El Autor Eduardo Carlos Centellas Ramos en el libro “La Prueba Judicial” ilustra: “Ahora bien, la Carga de la Prueba que nos interesa aquí, se trata sin duda decía Couture: ‘del problema más complejo y delicado de toda esta materia. La doctrina se debate hace siglos frente a los problemas de este punto, que afectan no solo los principios doctrinales, sino a la política misma de la prueba’. De todas formas, consideraba el autor citado, la Carga de la Prueba, quiere decir en primer término estrictamente procesal una conducta impuesta y una sanción, porque ‘la ley crea al litigante la situación embarazosa de no creer sus afirmaciones, en caso de no ser probada’, pero ‘la Carga de la prueba no supone, pues, ningún derecho del adversario, sino un imperativo del propio interés de cada litigante; es una circunstancia de riesgo que consiste en que quien no prueba los hechos que ha de probar pierde el pleito”.
Por su parte, el art. 328.I del Código de las Familias y del Proceso Familiar establece: “Las afirmaciones de hecho efectuadas por una parte y las que hubieren sido controvertidas por la otra, deberán ser probadas”.

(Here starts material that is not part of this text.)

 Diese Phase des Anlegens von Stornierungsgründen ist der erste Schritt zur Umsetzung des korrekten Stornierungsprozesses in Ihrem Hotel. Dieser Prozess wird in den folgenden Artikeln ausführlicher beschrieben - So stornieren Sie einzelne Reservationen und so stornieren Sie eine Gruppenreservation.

La carga de la prueba no debe entenderse como un deber – obligación impuesto a las partes procesales, en el entendido que su incumplimiento no conlleva una sanción, más bien, la carga de la prueba es una actividad voluntaria – necesaria, un acto de interés propio tendiente a demostrar con prueba legal los argumentos y pretensiones del derecho demandado, su omisión o inactividad procesal en cuanto a la carga de la prueba trae como única consecuencia perjudicial la falta de credibilidad por parte del juzgador respecto a los hechos alegados y no probados, que por lógica jurídica determinará la improcedencia del derecho reclamado, toda vez que el juzgador ante la inexistencia de prueba no puede dejar de fallar.

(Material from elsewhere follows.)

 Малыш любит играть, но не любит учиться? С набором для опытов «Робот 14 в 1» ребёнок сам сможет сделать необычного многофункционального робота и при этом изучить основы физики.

Los fundamentos doctrinales abordados no solo están dispuestos en el art. 1283 del Código Civil, es coincidente en el caso de la materia con el art. 328 del Código de las Familias y del Proceso Familiar, que de manera clara estipula que la carga de la prueba corresponde a las partes procesales conforme a sus afirmaciones efectuadas a tiempo de demandar y contestar u oponer excepciones.